BY USING THE SERVICE CLIENT IS AGREEING TO BE BOUND BY THIS AGREEMENT.   

This agreement is between Inlet LLC (“Inlet”) and the client named in the order (“Client”).

1.     Service.  Inlet shall make the service available to Client for the period specified in the order, subject to the terms and conditions in this agreement.

2.     Fees.

a. Generally. Client shall pay the fees specified in the order.  Except as otherwise provided, all fees are in United States dollars.

b.  Invoicing & Payment. Fees for the service will be invoiced in arrears in an electronic invoice to the email address provided by Client to Inlet in the order.  Client shall maintain accurate billing and contact information with Inlet.  Client shall remit payment to Inlet via ACH transactions.  All invoices are payable and due net thirty (30) days from the date of the invoice.

c.  Overdue Payments.  Any payment not received from Client within thirty (30) days after the due date may accrue, at Inlet’s discretion, late charges at the rate of one percent (1%) of the outstanding balance per month, or the maximum rate permitted by law, whichever is lower, from the date such payment was due until the date paid.

d.  Suspension of Service. If Client’s account is thirty (30) days or more overdue, in addition to any of its other rights or remedies, Inlet reserves the right to suspend the service, without liability to Client, until such amounts are paid in full.

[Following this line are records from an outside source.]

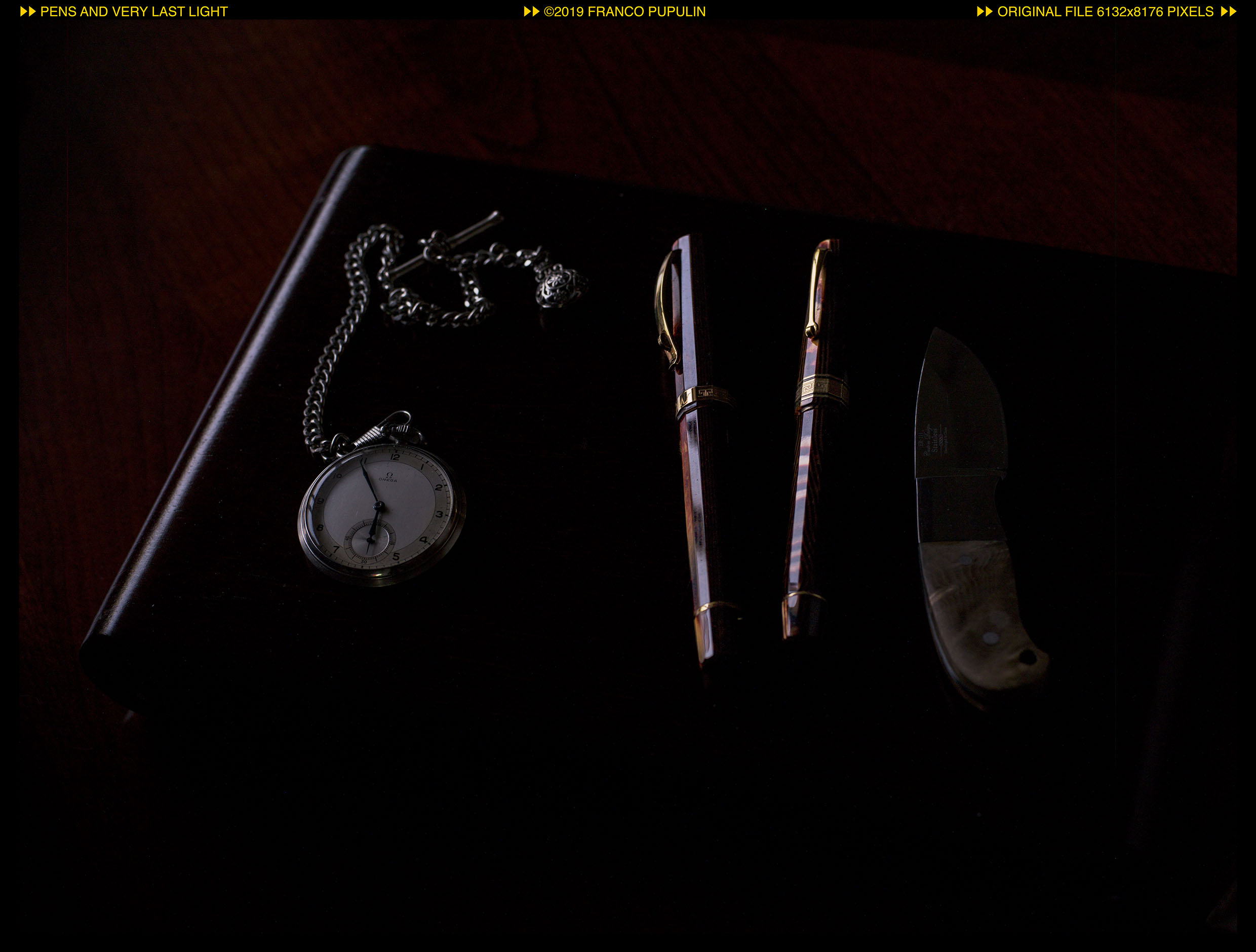 Entrando nello studio, prima di accendere al luce elettrica, ho fatto in tempo a notare che l'ultima luce del giorno, completamente radente, faceva brillare i corpi bruno-dorati delle mie Omas Paragon contro lo sfondo ormai quasi nero del tavolinetto di palissandro. Qui, vicino alla zona equatoriale, la luce del giorno scompare molto velocemente, intorno alle sei del pomeriggio. Ho messo la mia fotocamera sul cavalletto e ho ripreso questa fotografia con l'ultimissima luce del giorno.
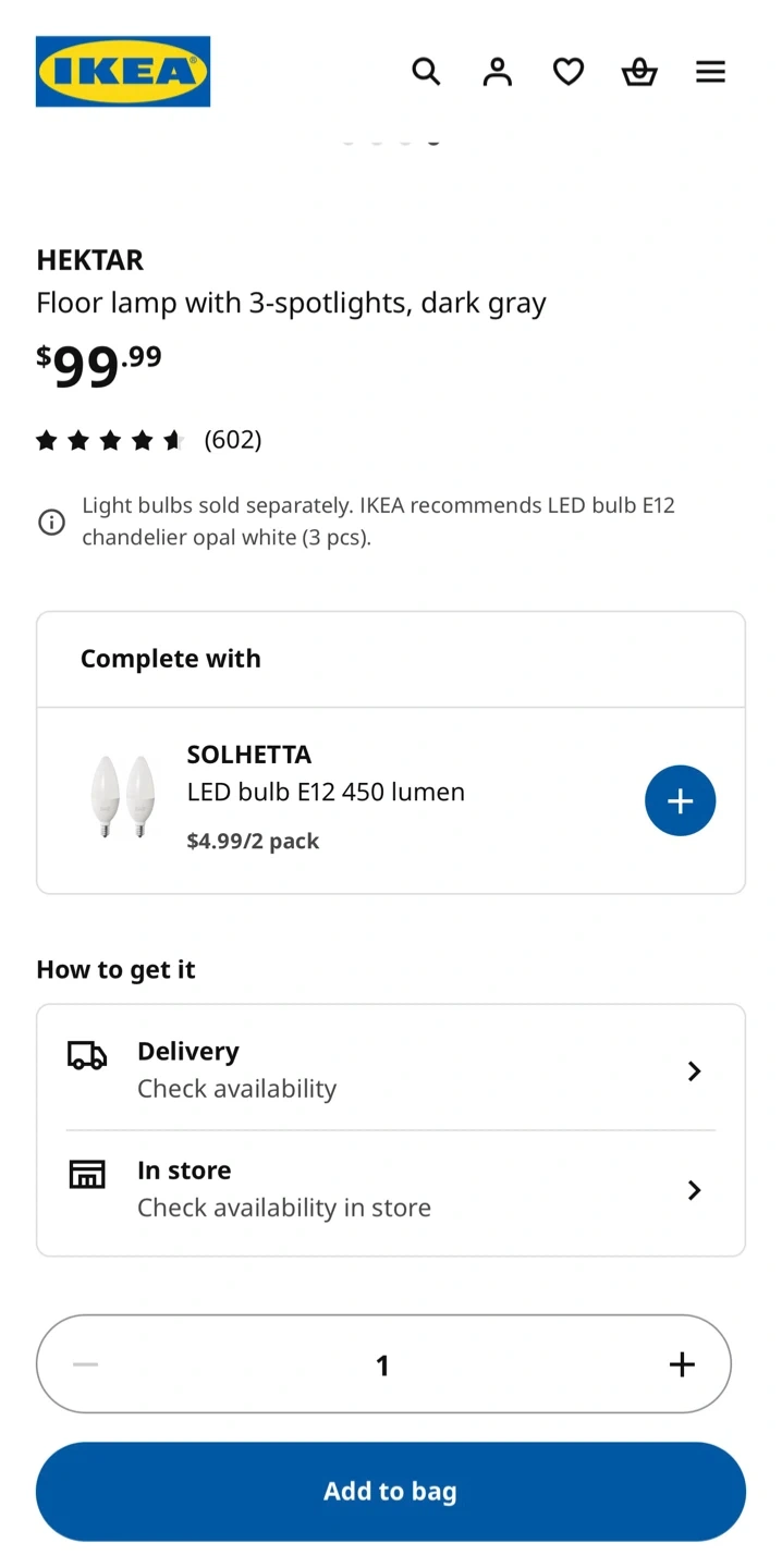 65Selling an IKEA Hektar floor lamp with 3 spotlights in dark grey. It's a stylish and functional piece for any room. Light bulbs sold separately; IKEA recommends LED bulb E12 chandelier opal white (3 pcs)
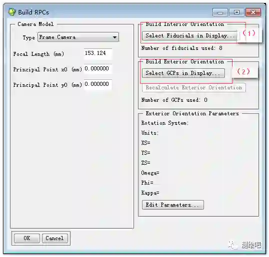 打开ENVI并加载需要构建RPC文件的两幅航空相片。在Map菜单下点击BuildRPCs,选择图像IMG1.。OK!弹出BuildRPCs的窗口(图1)。在该窗口的左栏中选择传感器类型:Frame (框幅式),输入焦距(FocalLength)和像中心点坐标x0,y0。
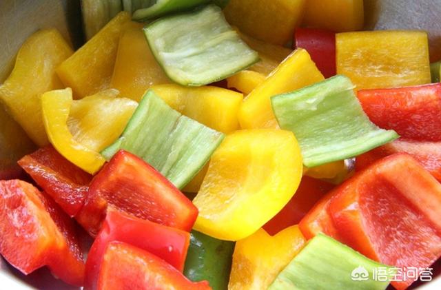 3、彩椒也切成跟猪肉块差不多大小的方形块。
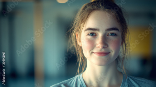 #795896684A confident young woman with long red hair, smiling softly in a modern indoor setting, embodying professionalism and approachability.

e.  Taxes. The fees are exclusive of any applicable local, state, federal or foreign taxes, levies or duties of any nature ("Taxes").  Client is responsible for paying all Taxes, excluding only taxes based on Inlet’s income.  If Inlet has the legal obligation to pay or collect Taxes for which Client is responsible under this section, the appropriate amount shall be invoiced to and paid by Client, unless Client provides Inlet with a valid tax exemption certificate authorized by the appropriate taxing authority.

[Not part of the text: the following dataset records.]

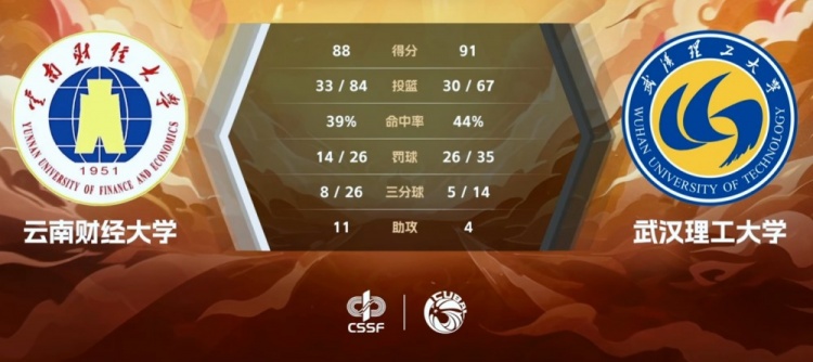 末节陈吉鹏和陈康瑞接连拿分抢开局,云南财大送上一波9-2的攻势追至3分重新看到希望;不过武汉理工及时回暖,黄智的2+1和付典钦的三分再度拉开比分。随后武汉理工顶住压力一直维持着5分左右的领先,王鹏翼和黄智最后时刻打进两记关键球拉开7分领先奠定胜局,陈康瑞最后的三分进球为时已晚。最终,武汉理工大学91-88力克云南财经大学顺利晋级8强。
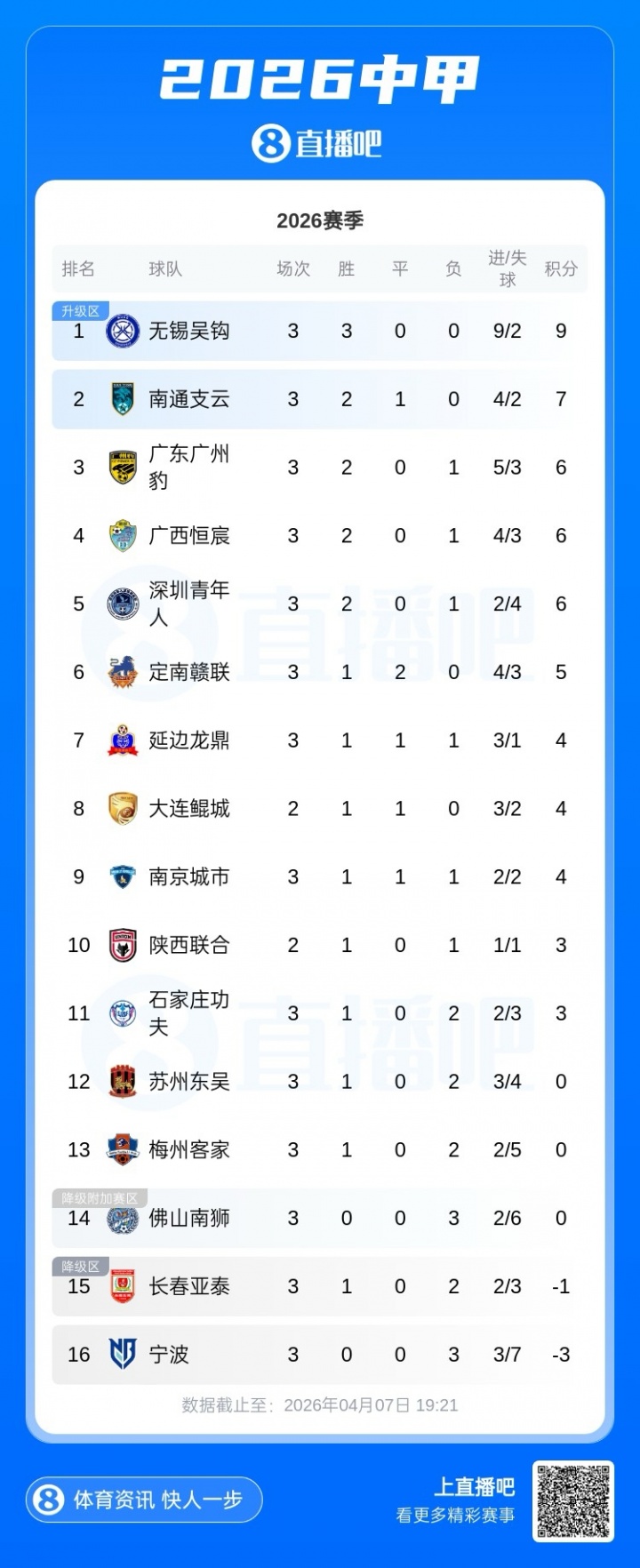 寧波本賽季中甲開賽3戰(zhàn)全敗,目前以負(fù)3分墊底。
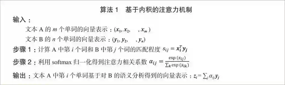 给定文本A和文本B,注意力机制可以计算出基于对B的语义分析,A中每个词语的词向量表示。算法1给出了一种基于内积的注意力机制计算方法。在注意力机制中,文本A每个词语的词向量表示是文本B词向量的一种线性组合,该组合的系数来自A和B每个词对之间的匹配程度。

3.     Proprietary Rights.

a.  Ownership and Reservation of Rights to Inlet Intellectual Property. Inlet owns all right, title and interest in and to the service. Inlet reserves all rights, title and interest in and to the service, including, but not limited to, all related Intellectual Property Rights.  No rights are granted to Client hereunder other than as expressly set forth herein.

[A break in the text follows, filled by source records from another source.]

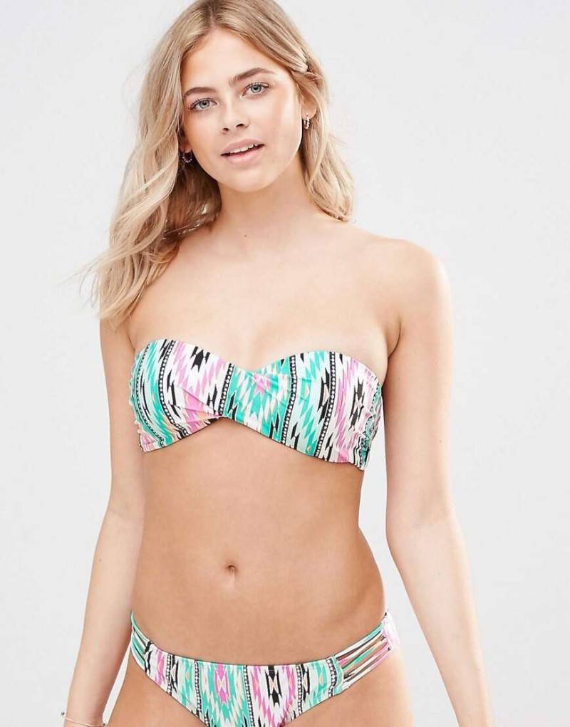 Данный вид купальника мы решили выделить отдельным пунктом, так как он является наиболее популярным среди представительниц женского пола с небольшим бюстом. Данная модель купальника отлично формирует линию груди, визуально придавая ей больший объем, и смещая акцент на открытые плечи без бретелей и живот. Особенно хорошо с этой функцией справляются купальники бандо с рюшами и валанами или с эффектом Push-up.
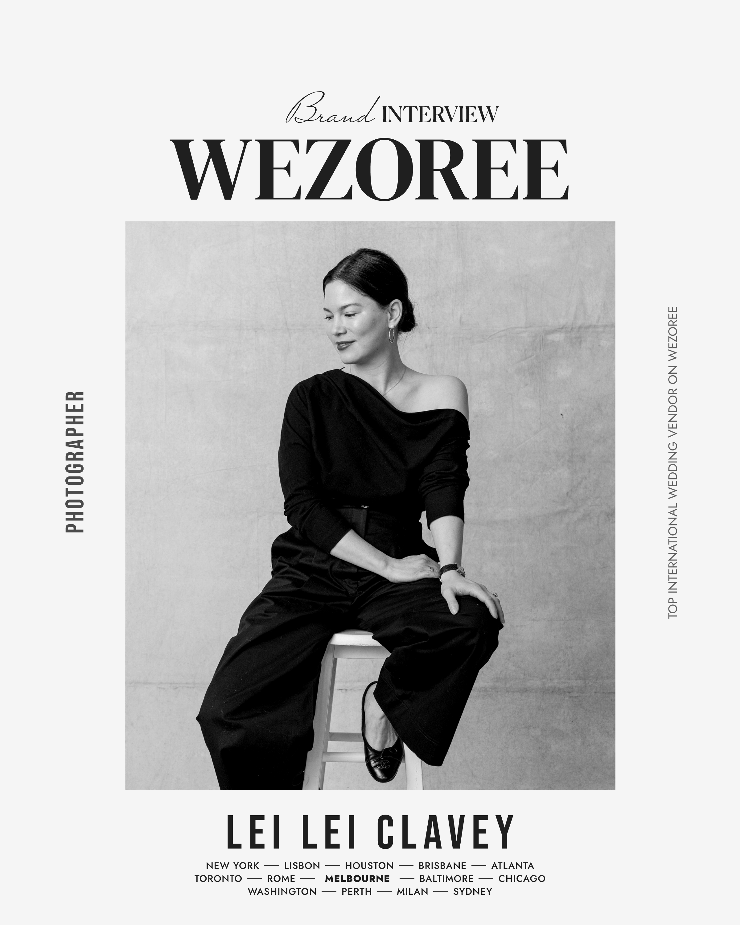 Perpetual optimist, Martini/Negroni lover (it’s a tie), and mother to two little boys and two fur babies. Shoes (Chanel and Valentinos in particular) are my weakness. NEW YORK CITY I first picked up a camera when I was living in New York City in my twenties. The use of light, composition, and styling an image had me captivated. Since then, I have been honing my skills in fashion editorial photography. WEDDING PHOTOGRAPHY In 2020 I was drawn to wedding photography and instantly fell in love! Capturing the romance of life, the joy, anticipation, nerves and excitement of such an incredible day in one’s life is something I hold very dear. I adore bringing my fashion editorial photography background to my couples and creating timeless wedding photographs they can cherish for eternity. My work has been published in Australian VOGUE, British Vogue, The Anti-Bride, The Lane, The Wed, Together Journal, Hello May and Ivory Tribe to name a few.
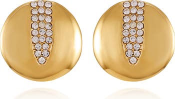Sparkly pavé crystals enrich these glamorous disc drop earrings boasting a polished finish for stunning shine.
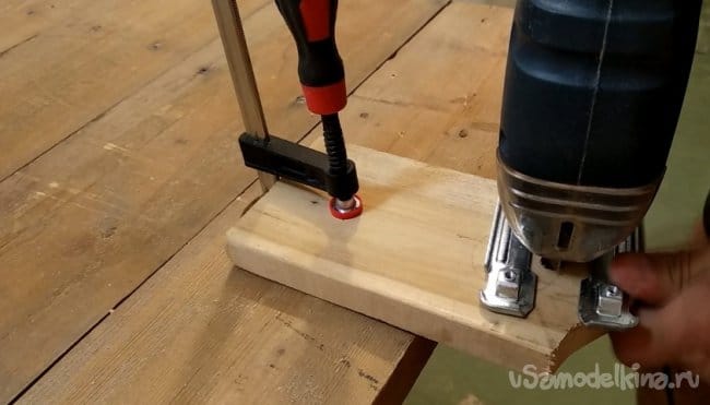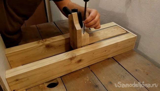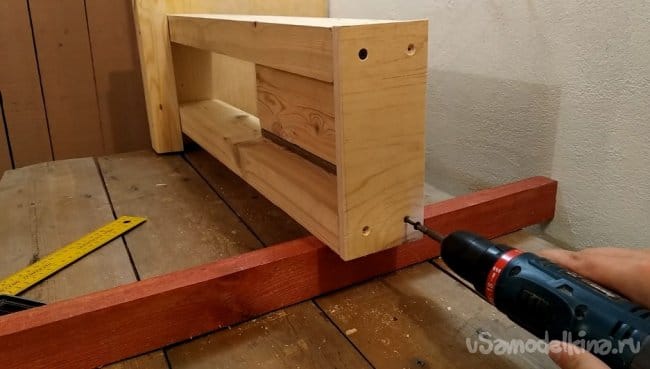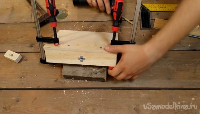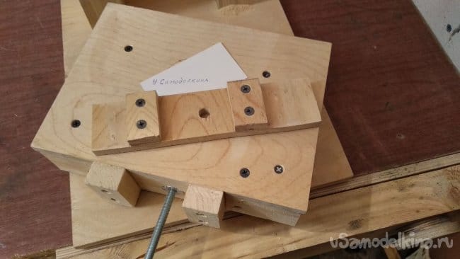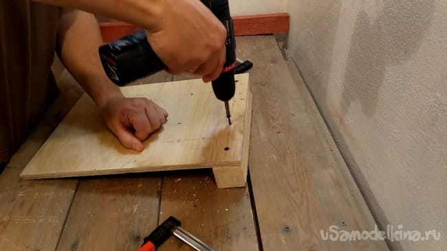 К фанерному основанию приложить поперечину, закрепить струбцинами. В намеченных местах просверлить отверстия и закрепить саморезами по дереву. Получилось основание.

b.  Trademark License.  Client hereby grants Inlet the non-exclusive, royalty free, worldwide revocable right to (a) use its trademarks and logos; and (b) use, distribute, display, and reproduce its materials, documents and related content, in each case solely for use in connection with the Service.  Inlet shall comply with Client's trademark usage guidelines provided by Client to Inlet.

4.     Confidentiality

a.  In connection with the Service, each party may exchange certain information with the other (the providing party, the "Provider" and the receiving party, the "Receiver"), which may include business and technical information, information relating to trade secrets, systems, procedures, confidential reports, customer lists, security procedures, computer software, programs, and financial information ("Confidential Information").  Client, as Provider, agrees that it will only disclose such information as is necessary for Inlet to perform the Service.  The Receiver agrees that it shall use the same degree of care as the Receiver uses with respect to its own Confidential Information of like importance, but no less than reasonable care, to avoid unauthorized disclosure or use of any of the Provider’s Confidential Information.  The Receiver may disclose the Confidential Information to its employees, agents, subcontractors and affiliates who in the Receiver’s commercially reasonable judgment have a specific and demonstrable need to know such Confidential Information solely in connection with performing the Service and who are subject to confidentiality obligations materially consistent with this Agreement.  Nothing contained herein shall in any way restrict or impair the Receiver’s right to use, disclose or otherwise deal with Confidential Information: (i) which at the time of its disclosure is part of the public domain or which becomes a part of the public domain through no wrongful act or inaction of the Receiver;  (ii) that is already known to the Receiver without restriction on use or disclosure at the time of communication to the Receiver; (iii) that has been rightfully received from a third party authorized to make such communication, without restriction on use or disclosure; or (iv) which is independently acquired or developed by the Receiver or any parent, subsidiary or affiliate without violation of the Receiver’s obligations hereunder.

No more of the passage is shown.